これから どうする?
コンコン
「お嬢様?お目覚めでございますか?」
「え? ええ。」
扉を開けて侍女と思われる若い女性が入ってきた。
あっ! 見たことある顔。たぶんアンジェリーナの専任侍女だ。
確か名前は…
「エマ?」
「はい。お嬢様。何でしょう?
ソファーでうたた寝なんて、はしたないって怒られますよ。」
「あ、ごめん」
そうか、私いきなり気を失うように、寝ちゃったんだ。
「晩餐のお支度を始めても?」
「もう、そんな時間?」
私はお昼の後に部屋で本を開いて、新しく売り出されたって言うお茶を飲んで…そしたらいきなり意識が…
私はお茶のカップを見た。思い出した!
これお茶じゃない!これはコーヒーだ。
この国には、コーヒーがなかった。
つい最近新たな飲み物が輸入出来るようになったと巷で話題になった。
それを手に入れて初めて飲んだ。この香りを嗅いだ瞬間不思議な気分になり、一口飲んで何だか目眩を覚えたんだ。
前世の私は結構なコーヒー好きだった。
1日に軽く5杯は飲んでた。
私の頭中ではアンジェリーナの記憶と前世の記憶が混ざって出現する、その都度、確認作業と感情の受け入れをものすごい勢いで行っていた。
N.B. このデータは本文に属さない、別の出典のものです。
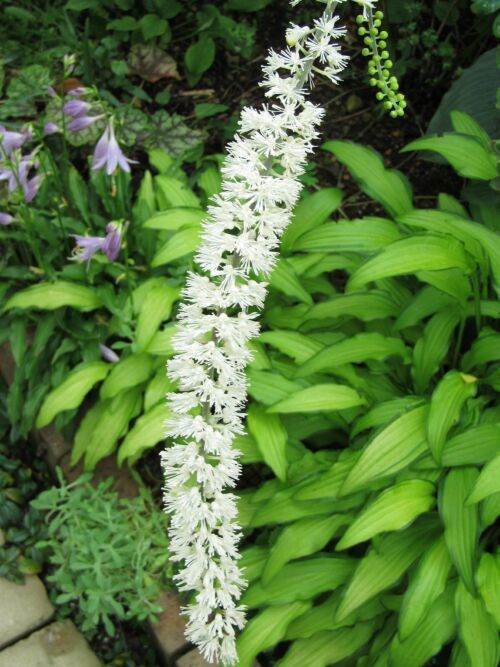 レンゲショウマのショウマは、このサラシナショウマと葉や全体の姿が似ているからだそうですが、花は全く違いますね。こちらでももうすぐ咲き始めると思います。これも蝶が沢山寄ってくるお花ですね。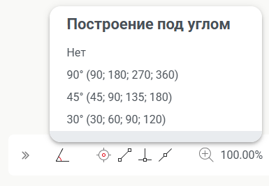 Построение под углом Элементы полилинии при построении будут «фиксироваться» под углом, выбранном пользователем. По умолчанию установлено значение «Нет». |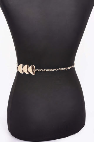Design: The metal chain design is adorned with heart-shaped charms, adding a whimsical yet chic element to the belt. The combination of the chain and charms creates a striking contrast, making this accessory a statement piece.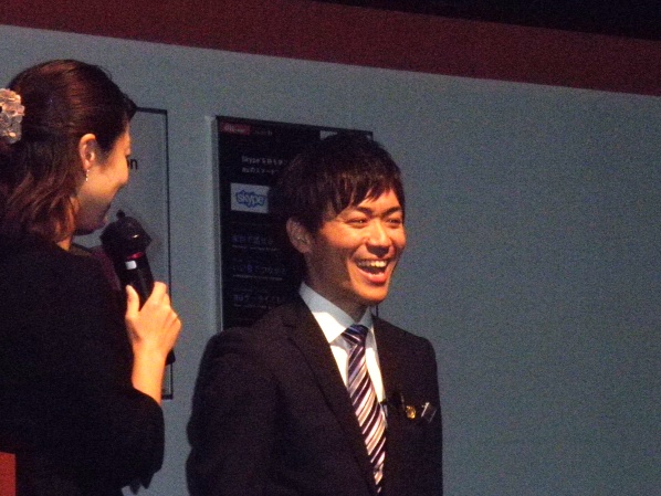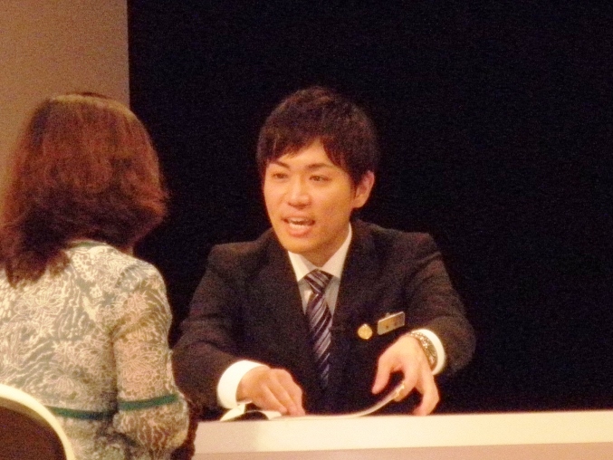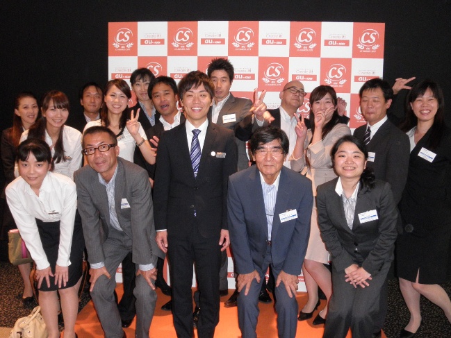 今年の大会は、各出場者や所属店の紹介、応援もそこそこにどんどんと進行して行きました。だから、倉島さんの出番はあっという間にやってきたカンジでした。見ている方がそう感じたのだから、当の本人はもっと緊迫感を感じていたかも…。プロの俳優さん演じるお客様との店内でのひとコマを演じるデモンストレーション。演技がいよいよ始まりました。 倉島さんのステージでの笑顔は本当に素晴らしかったです。お客様をお迎えするところから、その接客スタイルはカンペキでした。何度も何度も、練習を重ねた成果がそこにはありました。10分間の演技を終えた倉島さんの笑顔。その時心の中にあったものは…それは本人でなければ分からないことです。でも、大勢のauスタッフの中から選ばれ、この緊張感あふれる大きな舞台で『CSファイナリスト』は演じ切りました。本当にお疲れさまでした。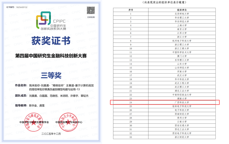 近日,第四届中国研究生金融科技创新大赛决赛结果揭晓,我院参赛团队斩获三等奖。该团队参赛作品是“基于计算机视觉的授信审评印章鉴别模型”。团队成员由刘晨晨、白磊磊、范晓恬、米润玥、许泰宇、覃钲杰等同学组成,陈华金、龚雪老师为指导老师。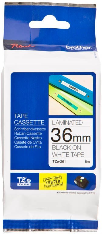 Taśma laminowana o szerokości 36 mm i długości 8 m, tło białe, nadruk czarny. Przeznaczona do urządzeń Brother: P-touch 9200PC, P-touch 550, P-touch 9200DX, P-touch 9400, P-touch 9500PC, P-touch 9700PC, P-touch 9800PCN, RL-700S, P-touch 3600, P-touch 9600.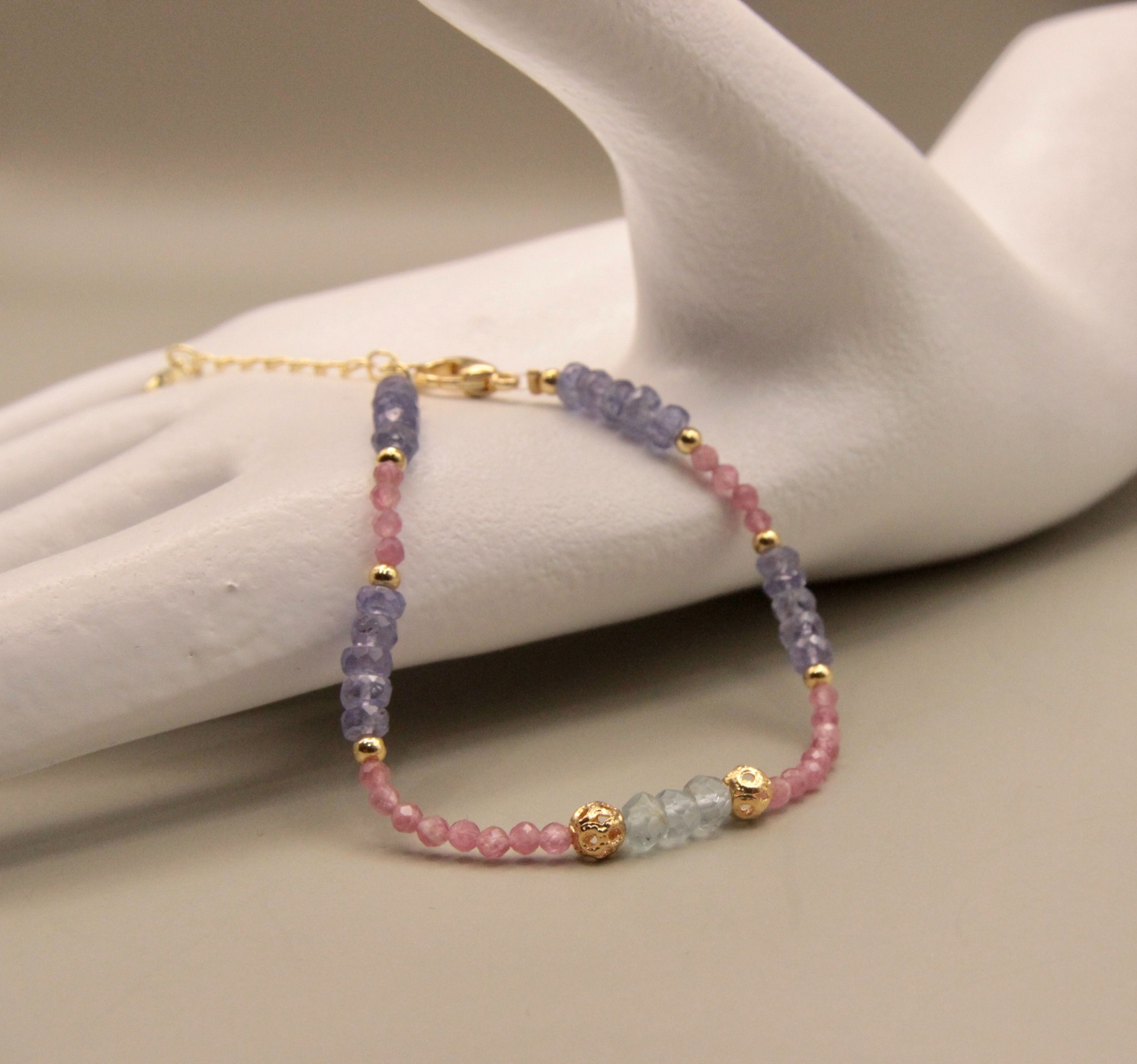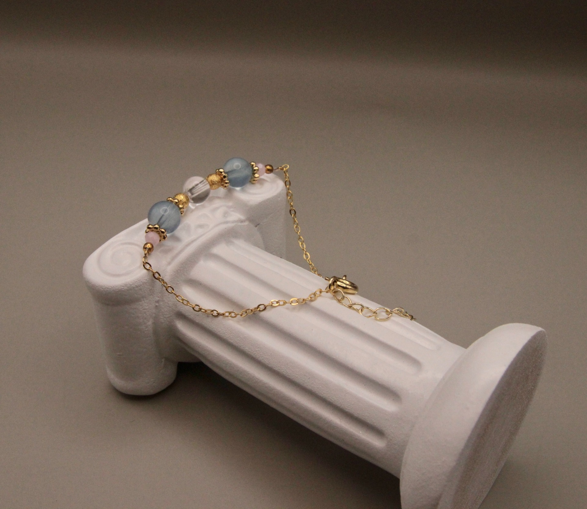 『淡藍之境』海藍寶 粉晶 ,天然無處理水晶,14K銅注金手鍊,設計款文創手作|元元圓滾滾滾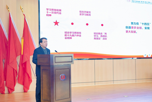 2021年12月31日,龍軸集團黨委在大禮堂召開福建省第十一次黨代會精神宣講會。公司黨委書記、董事長陳晉輝作了題為《征程萬里風正勁 求實奮進譜新篇》宣講報告。公司領導班子成員、總經理助理、中層主管、專業技術職務(職等)、高級業務主辦、業務主辦(業務組長)等參會。宣講會由公司黨委副書記劉明福主持。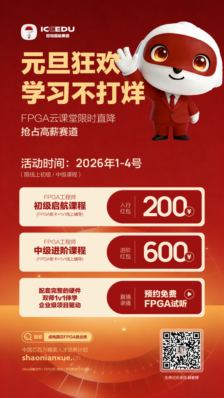 新手入门FPGA,最忌讳“盲目摸索、踩坑试错”。成电国芯为你准备了《FPGA新手避坑指南》+ 10个练手项目源码,私信发送【入门】即可免费领取!更有免费试听课程,带你体验“仿真+实战”的高效学习模式,解锁芯片赛道高薪密码。

とりあえず、エマに支度を手伝ってもらいながら、確認作業を継続しよう。
それと、エマからいろいろ思い出すきっかけをもらえそうだし。
「ねえエマ、今日って何日?」
「今日でございますか?12月3日ですよ」
「3日ね」
んーと婚約破棄が7月のパーティーの頃だから、
今私が16歳ならあと半年、15歳ならあと1年と6ヶ月か…
「私の誕生日って12月18日だからもうすぐよね?」
「はい。もうすぐお嬢様の16歳のお誕生日ですね。」
「!!」
あらーあと半年か…結構頑張らないと、修道院行きだわ。
婚約破棄は回避する?
うーんあの王子あんまり好みじゃないのよね。
だから、婚約は破棄じゃなくて上手く解消とか出来ないかな~
それで、新たな婚約を結ぶとかね。
例えば誰がいたっけ? 王子の側近とか、騎士団長とか、王弟殿下とか、あとは…学校の生徒会長の公爵令息か…でも、全部ヒロイン目当てな人だよね。
下手すると皆さん悪役令嬢の私を嫌ってるかも?
もったいない、もったいなさすぎる!
今の私ってこんなに美人さんなのに~
ちょっと前世記憶が、有利に働いてる?
でも、いいよね? この後の事を知ってる私の方が、役に立つし。
エマが崩れた縦ロールを直そうとしたから、思いきって、アップにしてもらった。
縦ロールはもうやめよう… なんかアンジェリーナには似合わない。
後ろを編み込みのお団子に結い上げてもらい。
少しだけ横の髪をおろしアクセントにした。
ドレスはAラインで薄紫色のシンプルなものを選んで着せてもらった。
私は初めて会う家族にちょっとの不安と期待を抱き緊張してきた。